# [THE PROBLEM]
Below are the records; print exactly the lines from the one with "Captura de pantalla" through the last, both included, and leave the pictures out.

Saved entries:
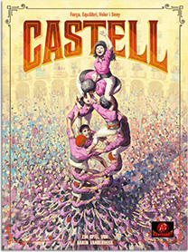 Zwei Casteller nehmen, einen Schritt laufen, eine Fertigkeit trainieren – das ist ein stimmiges Spielkonzept. Fazit: Castell ist soweit ein super Spiel. Soweit? Leider waren das noch nicht alle Regeln. In bis zu sieben Runden darf man noch eine Spezialaktion machen und dabei unter anderem Extraauftritte in bestimmten Regionen abwickeln, bei der es um bestimmte Pyramidenformen oder um komplizierte Fähigkeitskombinationen geht. Außerdem gibt es Regelungen, wie man dabei kleine Marker abgibt und wiederum bekommt, um am Ende nachzuweisen, an möglichst vielen Orten gewesen zu sein. Spätestens da landet man in der Schlussabrechnung in einem ziemlich überflüssigen Punktesalat. Wie schade. Ich behaupte gar nicht, dass das nicht funktioniert. Mechanisch ist alles völlig in Ordnung, aber das ist nicht die Kunst, die ein Spiel besonders werden lässt. Das gelingt vielen Autoren und Redaktionen. Aber ein Spiel soll nicht nur funktionieren. Sondern die wahre Kunst ist es, den Kern des Spiels so freilegen und so in das Zentrum stellen, dass ein unverstellter Blick möglich ist. Das wurde hier verpasst. Die Besonderheit von Castell wird durch zu viele Regulierungen getrübt, die sich als Ballast erweisen.
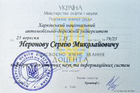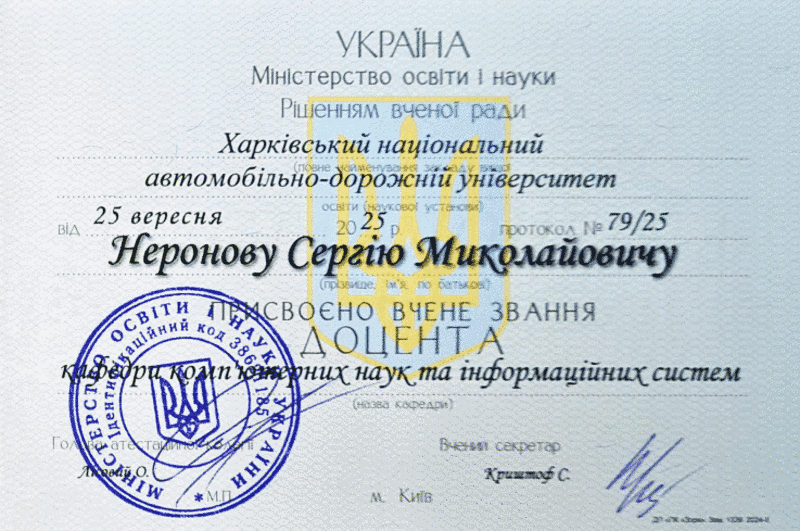 Неронов С.М. кафедри комп'ютерних наук і інформаційних систем отримав атестат доцента
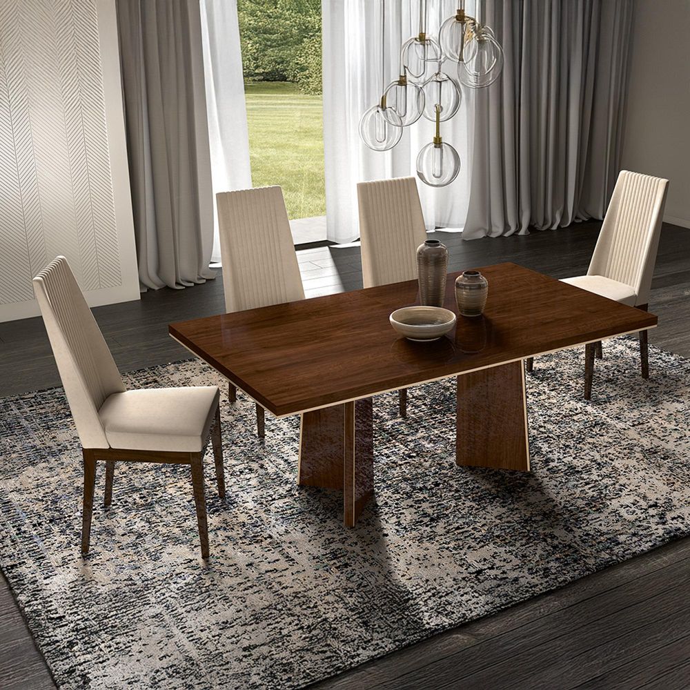 The Modern Eva Dining Chair - Set of 2 - Beige Fabric - crafted from Fabric, finished in Tobacco Walnut, available in Beige, Modern style. Free UK standard delivery included.
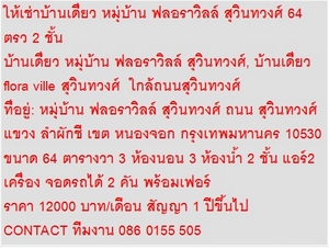 ให้เช่าบ้านเดี่ยว หมุ่บ้าน ฟลอราวิลล์ สุวินทวงศ์ 64ตรว 2 ชั้น
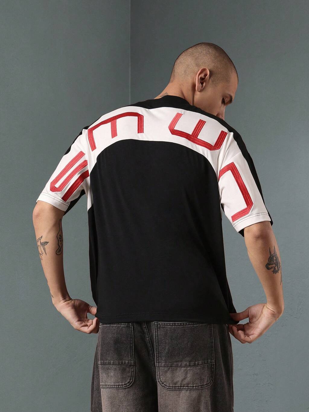 Streetwear Two-Tone Shoulder Panel T-Shirt
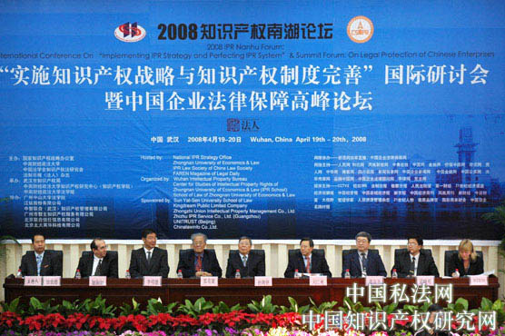2008年4月19日—20日,由教育部人文社会科学重点研究基地、国家保护知识产权工作研究基地——中南财经政法大学知识产权研究中心(以下简称“知识产权研究中心”)承办的“实施知识产权战略与知识产权制度完善”国际学术研讨会暨中国企业法律保障高峰论坛在武汉隆重召开。
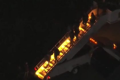 Captura de pantalla del descenso desde un avión militar del presidente de Venezuela, Nicolás Maduro, a su llegada a Nueva York tras su captura en Caracas por Estados Unidos. EFE/NYC NUEVA YORK.- El pr...
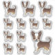 El original ilustracion personalizado de Destei de un perrito de raza Chihuahua color tricolor chocolate. El diseño se coloca 12 veces sobre la hoja en tres tamaños diferentes. Hay un perro más grande, tres perros medianos y ocho perros pequeños.
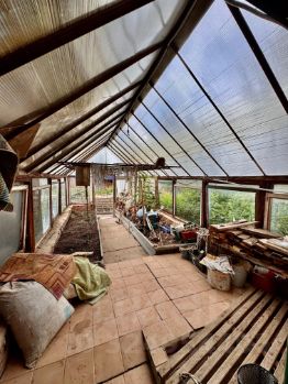 - На участке расположена большая теплица, плодово-ягодные насаждения, декоративно цветущие растения и кустарники. Участок угловой, заезд с двух сторон.

# [RESULT FOR THIS EXERCISE]
 Captura de pantalla del descenso desde un avión militar del presidente de Venezuela, Nicolás Maduro, a su llegada a Nueva York tras su captura en Caracas por Estados Unidos. EFE/NYC NUEVA YORK.- El pr...
 El original ilustracion personalizado de Destei de un perrito de raza Chihuahua color tricolor chocolate. El diseño se coloca 12 veces sobre la hoja en tres tamaños diferentes. Hay un perro más grande, tres perros medianos y ocho perros pequeños.
 - На участке расположена большая теплица, плодово-ягодные насаждения, декоративно цветущие растения и кустарники. Участок угловой, заезд с двух сторон.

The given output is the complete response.